SMILES tokens Posted: Apr 12, 2004 5:16 AM
Reply to this message Reply

This post originated from an RSS feed registered with Python Buzz by Andrew Dalke.
Original Post: SMILES tokens
Feed Title: Andrew Dalke's writings
Feed URL: http://www.dalkescientific.com/writings/diary/diary-rss.xml
Feed Description: Writings from the software side of bioinformatics and chemical informatics, with a heaping of Python thrown in for good measure.
Latest Python Buzz Posts
Latest Python Buzz Posts by Andrew Dalke
Latest Posts From Andrew Dalke's writings

Advertisement
Okay, so you're a hard-core geek and you want to know how write your own chemical informatics toolkit, so that you too will get fun, fame, fortune, and fem----... err, MOTAS. As far as I know, there is no documentation or textbook on this topic. The chemical informatics books I've seen all talk about the science of how the fields work, not the software, and of course almost no computer science book goes into chemistry, other than some mention that graph theory can be applied to the valence bond model of molecules. Let me be your trusty guide on through these uncharted electrons.

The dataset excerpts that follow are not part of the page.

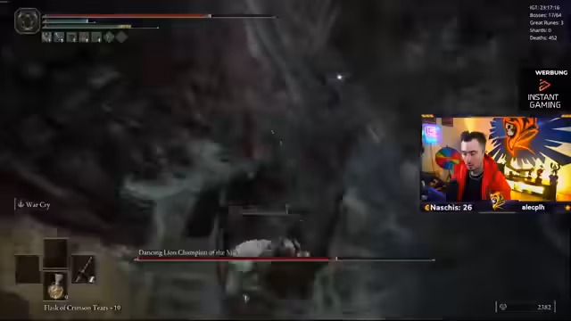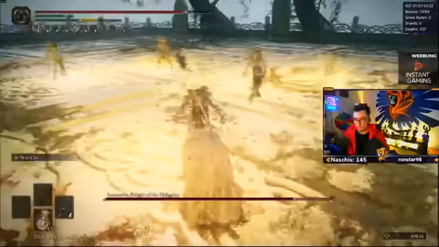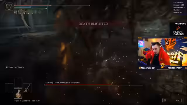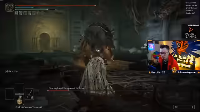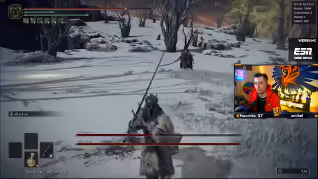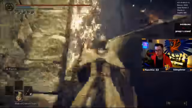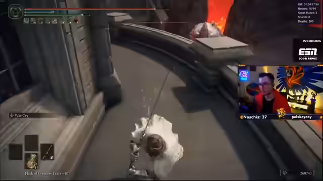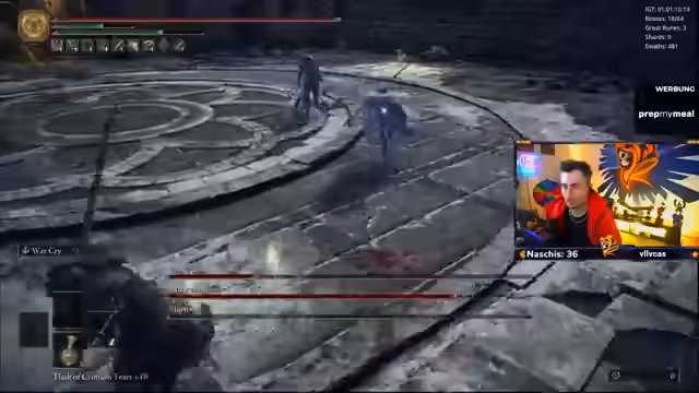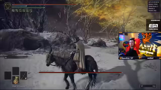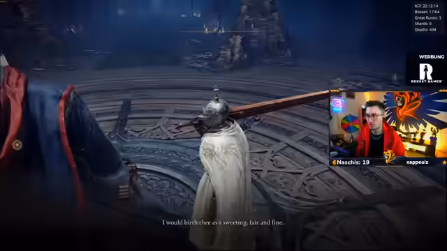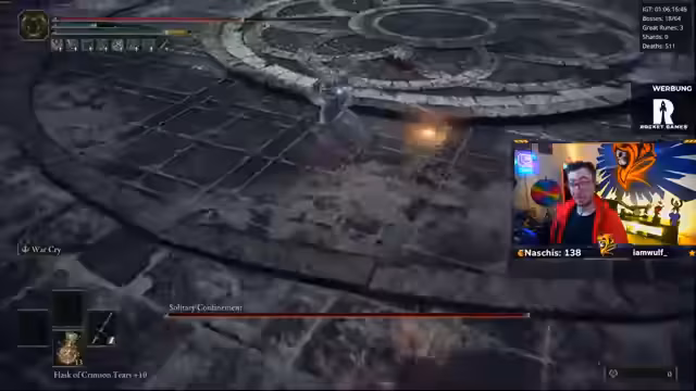 02:00:54Der Fokus verlagert sich komplett auf das Spielen von Elden Ring. Der Streamer kämpft gegen einen normalen Trashmob, der jedoch enormen Haltungsschaden verursacht und sich neu spawnt. Anschließend wird ein Bosskampf gegen einen Gegner mit speziellen Mechaniken unternommen, der Todespest-Arzen beschwört. Der Kampf wird als extrem schwierig und frustrierend beschrieben, da der Boss in verschiedenen Phasen wechselt und der Streamer die Angriffe kaum sieht oder ausweichen kann.
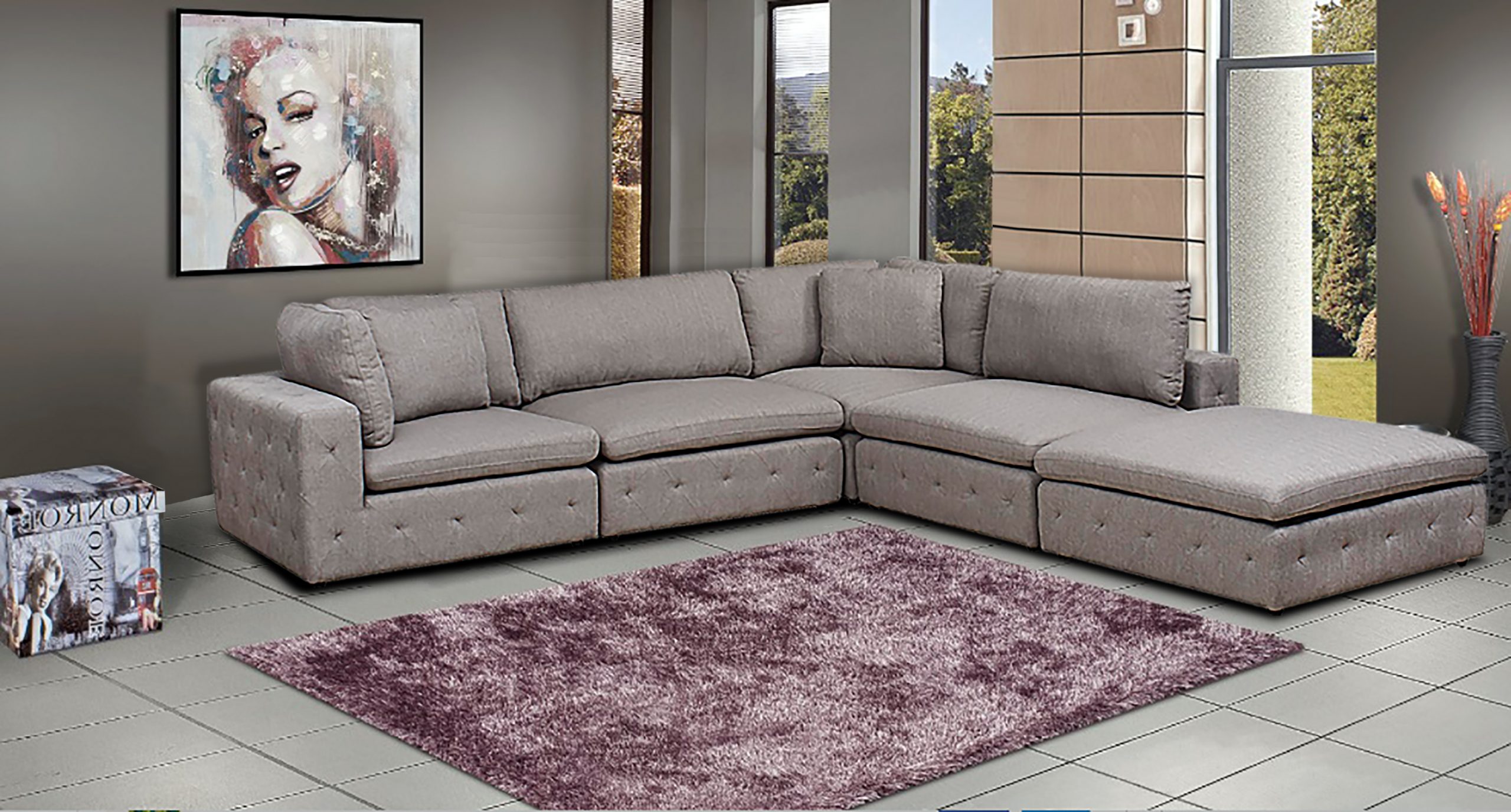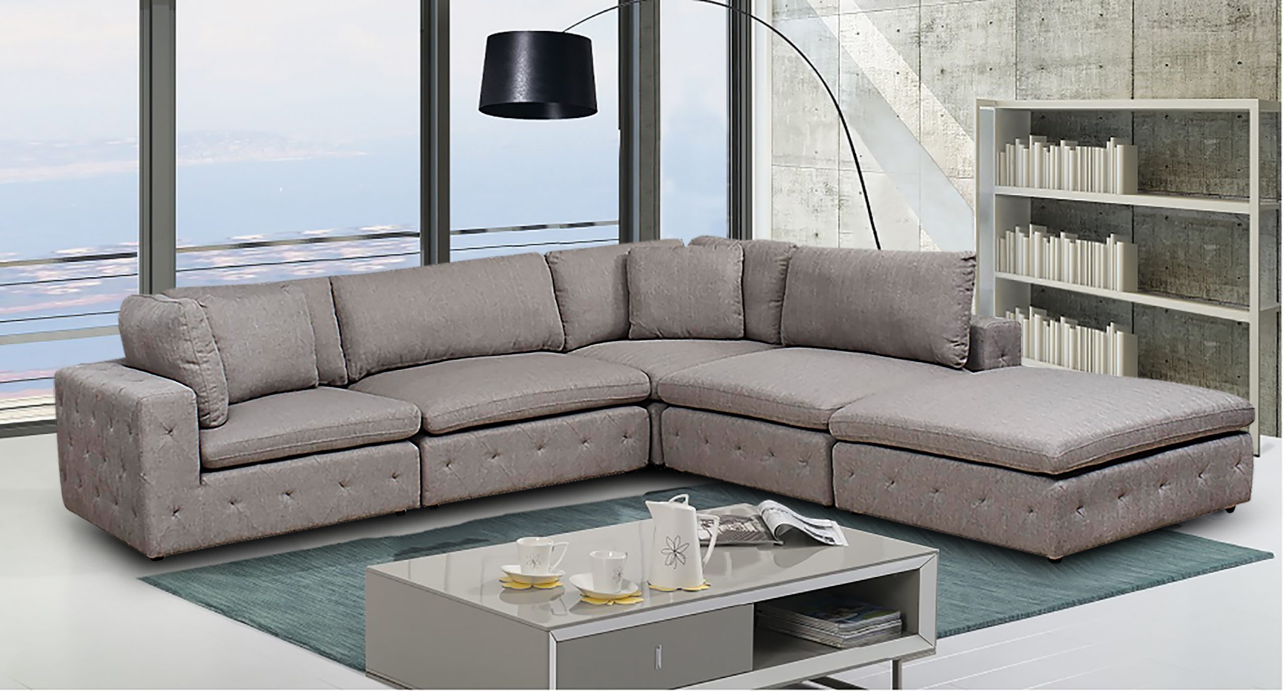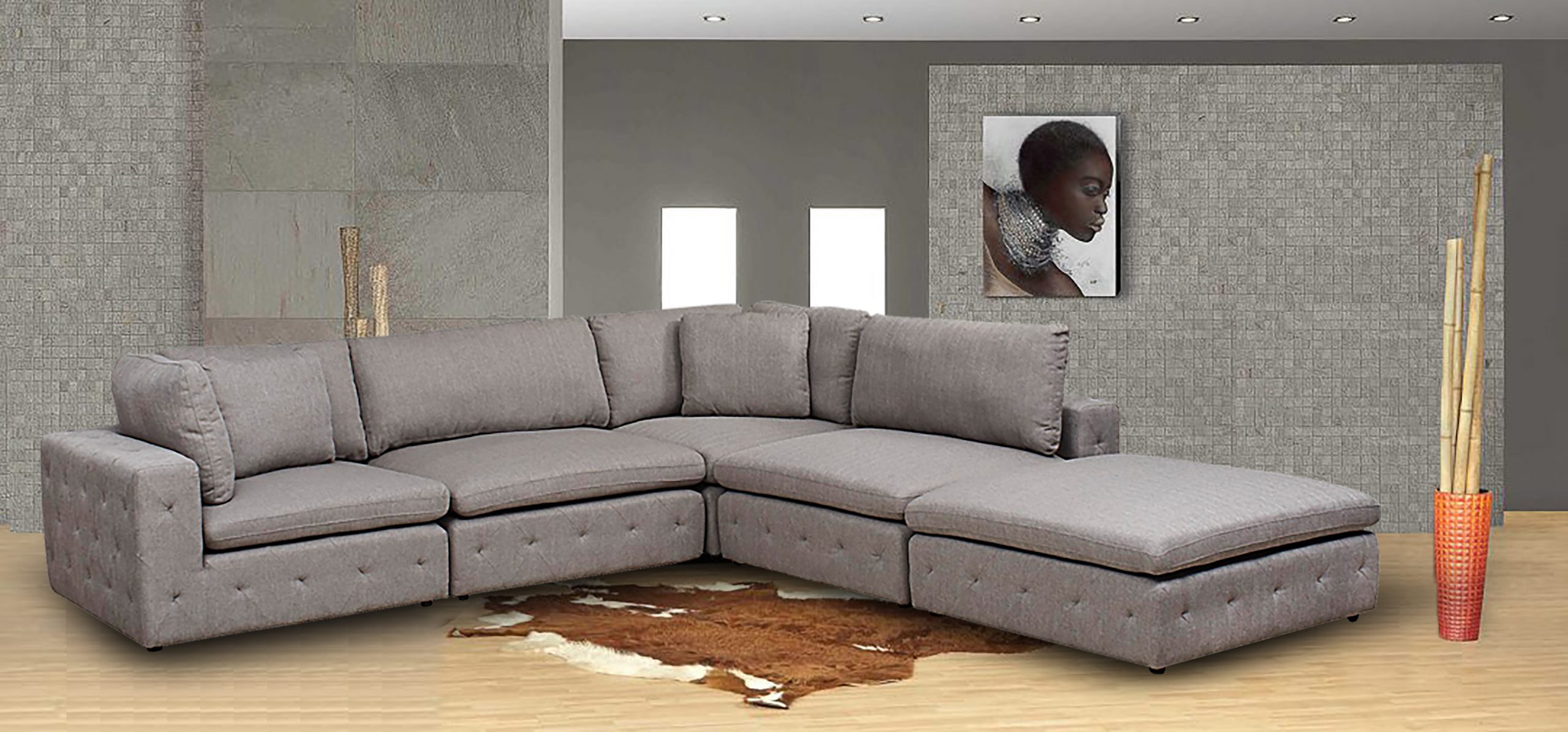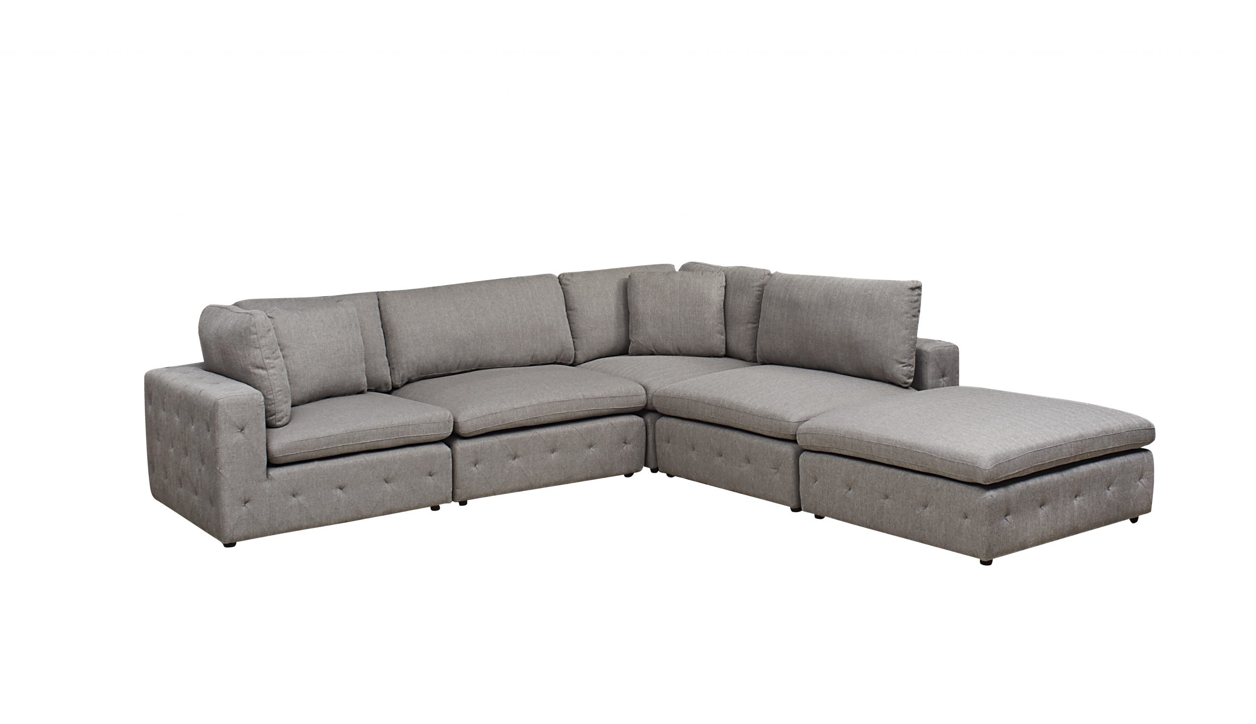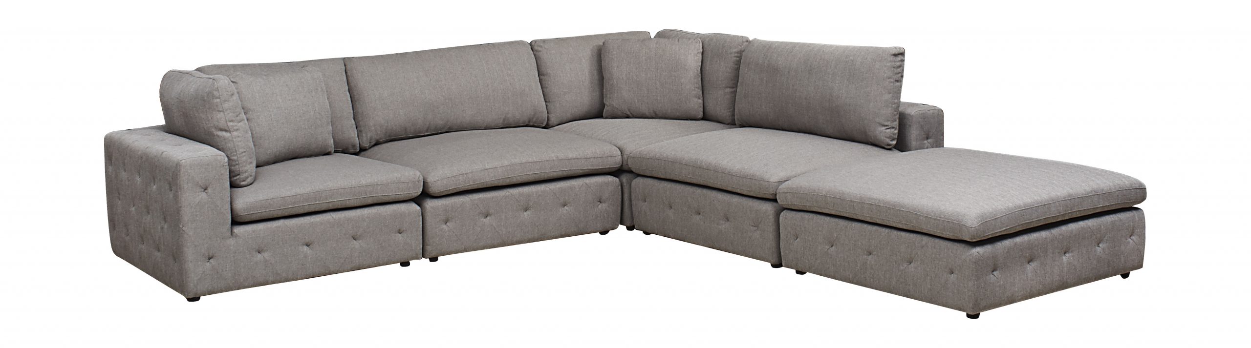 Create the ultimate oasis of comfort by designing the configuration that best suits your space. Modular or Sectionals provide all-around comfort and peace of mind that other couches can’t. Because they can adapt to most spaces and styles, and look like new forever, Sectionals are a smart investment. This piece includes two corner chairs, one ottoman and two armless units. Available in a range of imported fabric selections.
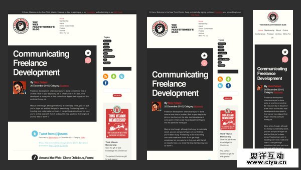 说实在的,Think Vitamin无法吹嘘任何关于它自身的博客设计。它的结构跟其他网站一样。整个网站右侧是一栏单列补充信息,一个网页导航、一个logo、一个搜索框以及一个页尾。
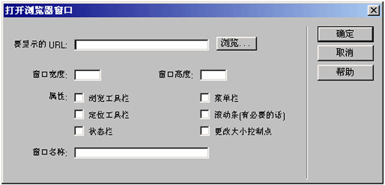 能,不用写一行代码。在“ behaviors ”面板使用内置的“ Open Browser Window ”脚本,设定页面、窗口大小、属性。如图:0

I'll start with SMILES since it's such a pretty, well-defined nomenclature. Eventually I'll describe SD and perhaps mol2 files, and a bit of the agony that is the PDB. I'll assume you know what SMILES is. If not, Daylight has a plenty of documentation.

If you have a compound which falls into Daylight's model of chemistry (ie, covalent bonds, in a ground state, etc.) then it can be represented as a SMILES string, or alternatively you can say that it's represented in SMILES. A SMILES string can be broken down into smaller terms; atom, bond, open branch, close branch, ring closure, and dot disconnect. To make the enumeration easier to understand, I'll separate the atom term into "element" and "atom", where the first is an atom in the organic subset and may be written without square brackets.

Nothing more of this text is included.